Exercise →
The reply should contain all the data below, repeated exactly, and none of the images.

START Dataset extract

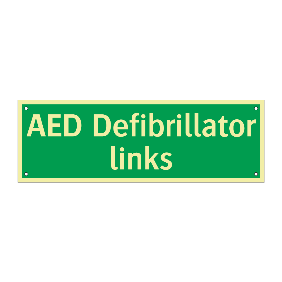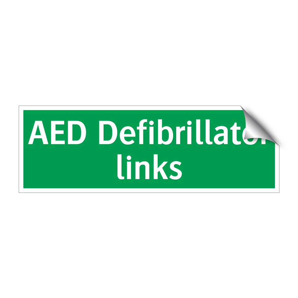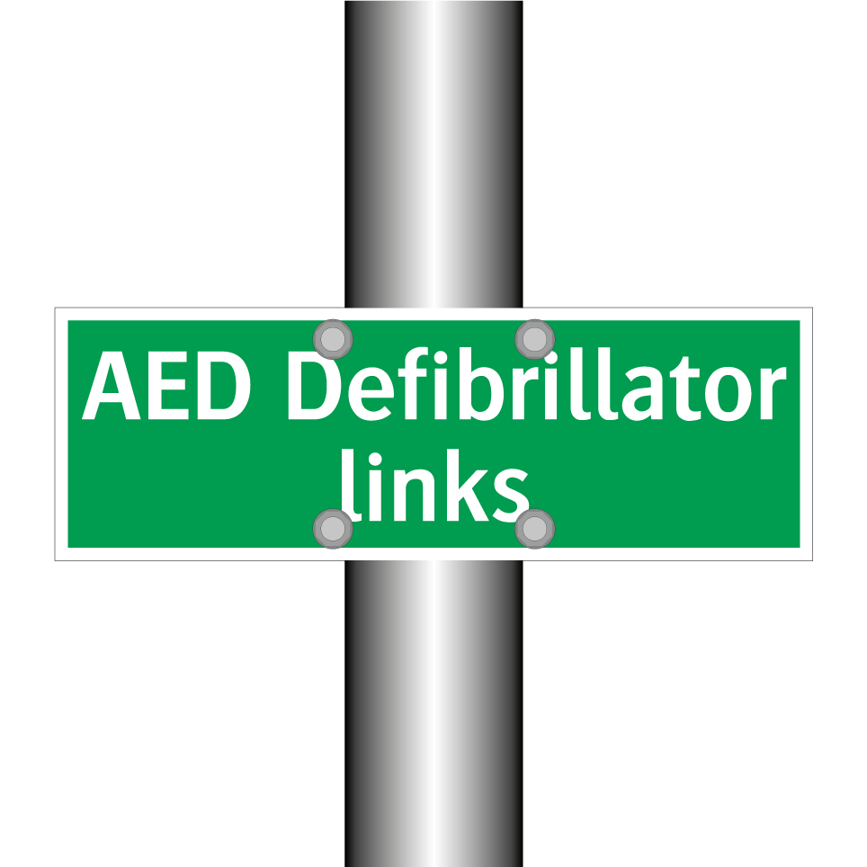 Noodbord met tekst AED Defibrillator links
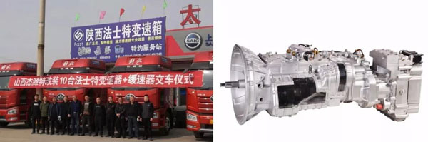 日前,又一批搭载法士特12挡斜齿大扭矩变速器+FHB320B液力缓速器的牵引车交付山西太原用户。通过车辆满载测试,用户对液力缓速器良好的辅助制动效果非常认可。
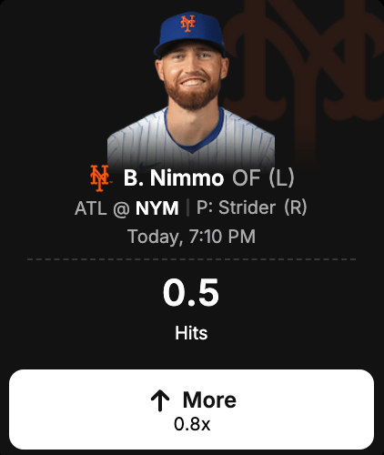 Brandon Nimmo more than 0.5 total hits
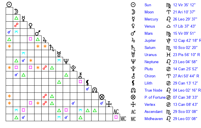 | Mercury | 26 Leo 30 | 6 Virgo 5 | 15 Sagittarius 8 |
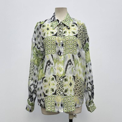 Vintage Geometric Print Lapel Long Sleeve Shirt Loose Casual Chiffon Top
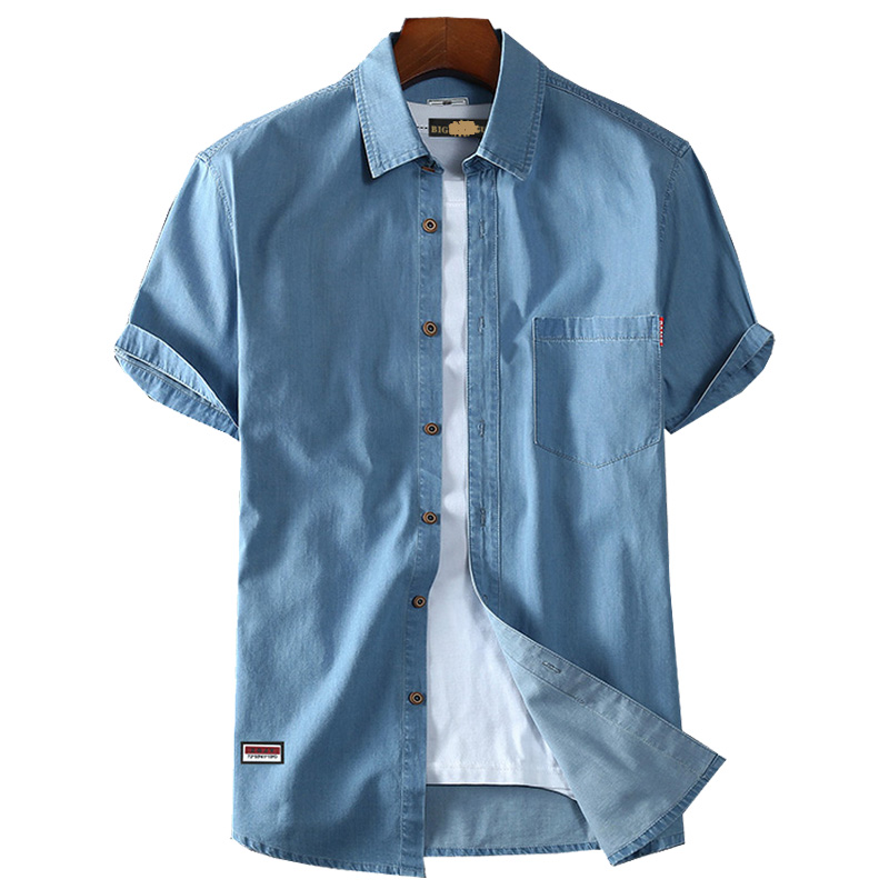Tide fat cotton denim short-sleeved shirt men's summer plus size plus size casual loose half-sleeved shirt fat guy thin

END Dataset extract

Result of this exercise →
 Noodbord met tekst AED Defibrillator links
 日前,又一批搭载法士特12挡斜齿大扭矩变速器+FHB320B液力缓速器的牵引车交付山西太原用户。通过车辆满载测试,用户对液力缓速器良好的辅助制动效果非常认可。
 Brandon Nimmo more than 0.5 total hits
 | Mercury | 26 Leo 30 | 6 Virgo 5 | 15 Sagittarius 8 |
 Vintage Geometric Print Lapel Long Sleeve Shirt Loose Casual Chiffon Top
Tide fat cotton denim short-sleeved shirt men's summer plus size plus size casual loose half-sleeved shirt fat guy thin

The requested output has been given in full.